Equipped with a large cage that attached to the side, the tour boat, which can hold up to eight people, was lowered into the water. All the equipment needed for the dive, including wetsuit, booties, mask and weights, was provided by the tour operator.

Westermeyer says as they moved closer to “shark alley,” a guide helped him put on his wetsuit. Once the boat was in a suitable location, the guides attracted the sharks by throwing chum (bait) and artificial seal decoys in the water. Within five minutes, the first shark appeared.

Despite the image many people may have of great white sharks being vicious man-hunters, they didn’t try to attack the cage or take an interest in the people watching them.

“It’s like it didn’t even care that we were there,” Westermeyer says. “They were more interested in the tuna and the decoys that were out on the water.”

Westermeyer says for the $130 cost, the dive was worth it, but he doesn’t expect to do it again. The shark dive was just one part of a South African adventure for Westermeyer, who also went on a safari and visited Victoria Falls, all of which he chronicles on his blog.

See If It Works

After working for more than a decade, Westermeyer began focusing on saving money to facilitate his traveling and soon he had a new career — blogging.

“It actually started with me just wanting to travel and … one of my friends suggested I should start a blog,” he says. “So, then I started that and then I figured I’d do reviews on the places I went.”

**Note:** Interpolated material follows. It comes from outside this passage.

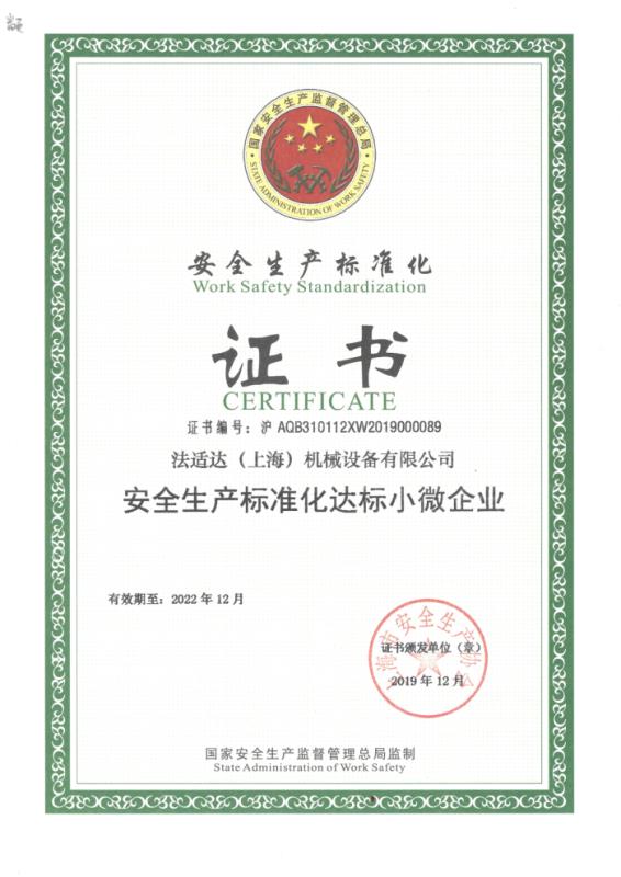 法适达通过安全标准化认定,拿到上海市安全协会颁发的证书。

During his travels, Westermeyer takes notes and writes detailed reviews of his experiences for his readers at offtheaccessiblepath.com. He did this with the trip to Africa, detailing the places he visited day-to-day.

“I basically wrote down what I did during the day, how accessible stuff was and things like that,” he says. “I’m reviewing how accessible the places I stayed are and how the tours were.”

Westermeyer has been traveling alone and staying primarily in hostels. He says hostels are a great way to save money. Even private rooms in hostels generally cost less than hotels, and if Westermeyer does research ahead of time, he can usually find accessible hostels.

He also notes that hostels afford him the opportunity to meet other travelers and spread the word about his blog.

Traveling since December 2013, Westermeyer has experienced some of the most exciting tours the world has to offer.

“[I] wanted to do things that people in wheelchairs or disabled people don’t normally do,” he says “I’ve been skydiving, and … I went bungee jumping and paragliding and things like that. [I] just wanted to try something and see if it works.”

 

Melissa Stewart is a Chino Valley, Ariz.-based freelance writer and frequent contributor to PN magazine.